TASK GOAL: Every line from the one holding "1945 Sheboygan Central" through the one holding "2025年11月4日周二,截" in the data below must be returned exactly, both ends included, with pictures left out and nothing else added.

━━━ MATERIAL PROVIDED ━━━

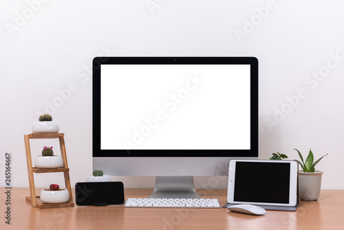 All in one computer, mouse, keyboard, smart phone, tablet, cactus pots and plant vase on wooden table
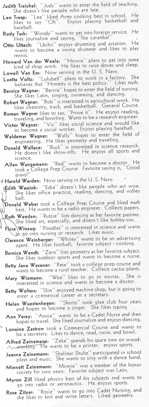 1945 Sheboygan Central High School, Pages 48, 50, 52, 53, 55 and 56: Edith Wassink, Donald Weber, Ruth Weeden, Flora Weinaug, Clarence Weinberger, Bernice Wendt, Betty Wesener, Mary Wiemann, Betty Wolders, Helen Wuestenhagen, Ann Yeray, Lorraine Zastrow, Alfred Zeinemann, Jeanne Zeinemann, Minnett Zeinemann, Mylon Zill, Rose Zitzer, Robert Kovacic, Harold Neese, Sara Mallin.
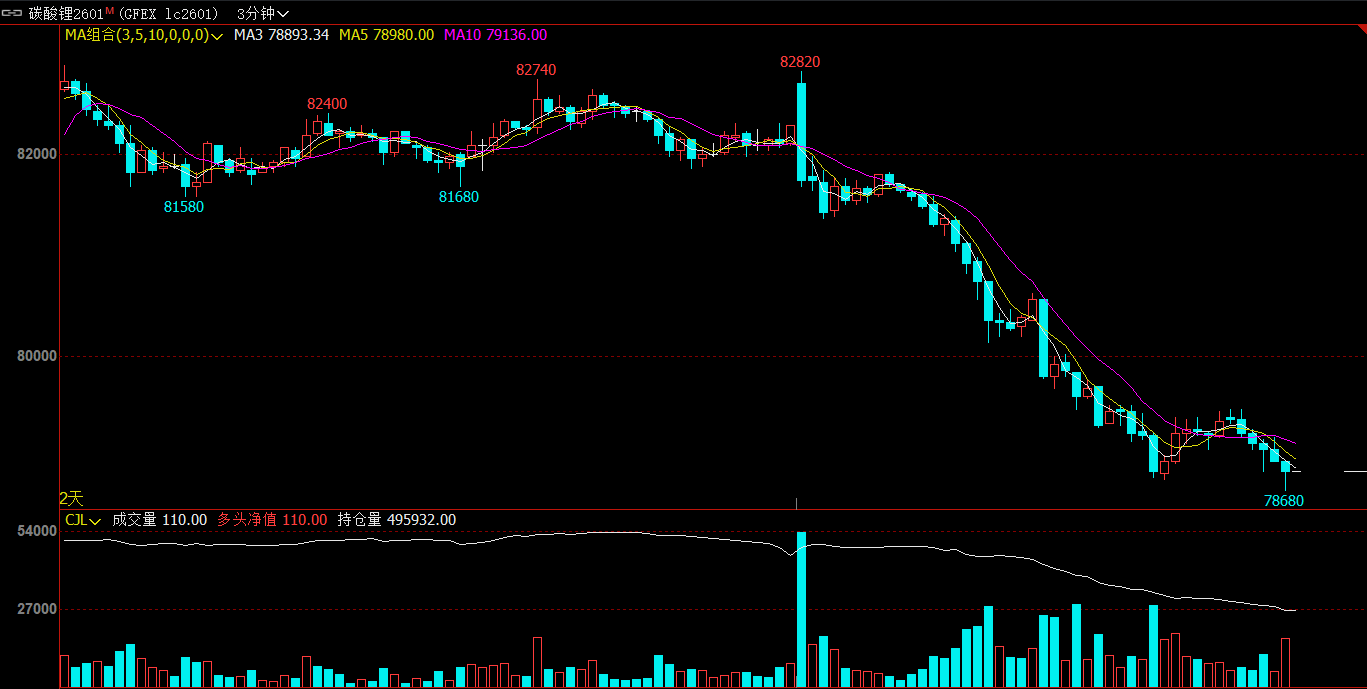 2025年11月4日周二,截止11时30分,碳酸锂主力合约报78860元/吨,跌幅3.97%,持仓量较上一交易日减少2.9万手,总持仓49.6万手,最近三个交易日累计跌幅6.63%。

━━━
━━━ MATERIAL PROVIDED ━━━

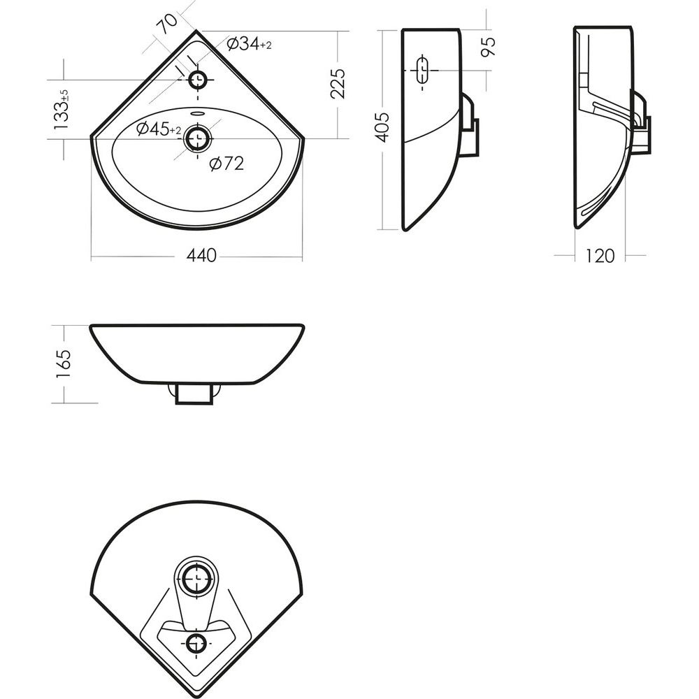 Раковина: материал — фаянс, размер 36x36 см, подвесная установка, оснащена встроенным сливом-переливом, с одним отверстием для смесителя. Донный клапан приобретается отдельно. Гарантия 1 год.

━━━

RESPONSE TO THE EXERCISE:
 1945 Sheboygan Central High School, Pages 48, 50, 52, 53, 55 and 56: Edith Wassink, Donald Weber, Ruth Weeden, Flora Weinaug, Clarence Weinberger, Bernice Wendt, Betty Wesener, Mary Wiemann, Betty Wolders, Helen Wuestenhagen, Ann Yeray, Lorraine Zastrow, Alfred Zeinemann, Jeanne Zeinemann, Minnett Zeinemann, Mylon Zill, Rose Zitzer, Robert Kovacic, Harold Neese, Sara Mallin.
 2025年11月4日周二,截止11时30分,碳酸锂主力合约报78860元/吨,跌幅3.97%,持仓量较上一交易日减少2.9万手,总持仓49.6万手,最近三个交易日累计跌幅6.63%。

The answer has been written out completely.